KNL1 deploys a eudicot-specific domain to recruit BUB3.3 and BMF3 to kinetochores. (A) Growth phenotypes of 3-week-old plants of WT, knl1-1, and mutant plants expressing KNL1 and KNL1^ΔESD. (B) Representative images of chromosome segregation in knl1-1 mutant cells expressing KNL1-FLAG (Top rows) and KNL1^ΔESD-FLAG (Bottom rows), misaligned chromosomes are indicated by white arrowheads. Merged images have microtubules in red and DNA in green. (C and D) Localization of GFP-BUB3.3 (C) and BMF3-GFP (D) in knl1-1 mutant expressing KNL1-FLAG or KNL1^ΔESD-FLAG. While both KNL1-FLAG and KNL1^ΔESD-FLAG are detected at kinetochores, GFP-BUB3.3 and BMF3-GFP colocalize with KNL1-FLAG but not KNL1^ΔESD-FLAG. The merged images have FLAG-tagging proteins detected by the FLAG antibody in red, GFP-tagging proteins detected by the GFP antibody in green, and DNA stained by DAPI in blue.
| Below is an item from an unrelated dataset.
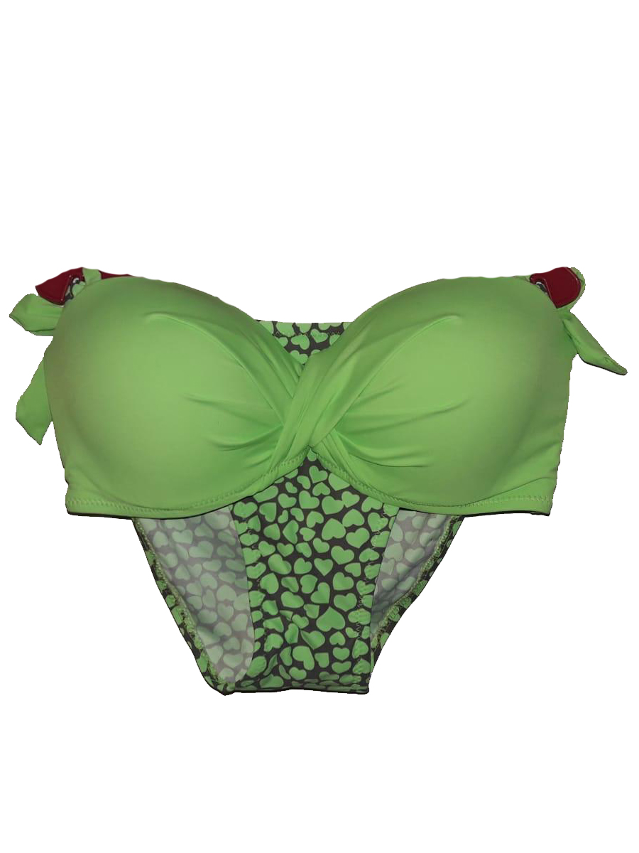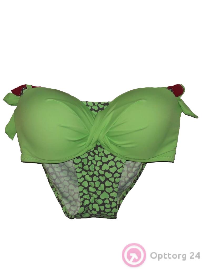 Купальник женский. Стиль современный. На завязках с чашками зеленый с сердечками

Micrographs are representative of more than 100 cells from three independent transgenic lines with similar results (n ≥ 100, N = 3). (Scale bars, 5 μm.)

Fig. 7.

KNL1 of a eudicot but not monocot or bryophyte origin captures the function in A. thaliana. (A) Growth phenotypes of 5-week-old plants of WT, knl1-1, and mutant plants expressing KNL1 orthologs from P. patens, S. lycopersicum, and O. sativa. AtKNL1 is used as the positive control. (B and C) Assessment of the kinetochore localization of GFP-BUB3.3 (B) and BMF3-GFP (C) in knl1-1 mutant cells expressing FLAG-tagged PpKNL1, SlKNL1, or OsKNL1 detected by the anti-FLAG antibody. The merged images have FLAG-tagging proteins in red, GFP-tagging proteins in green, and DAPI-stained DNA in blue. Micrographs are representative of more than 100 cells from three independent transgenic lines (n ≥ 100, N = 3) with similar results. (Scale bars, 5 μm.)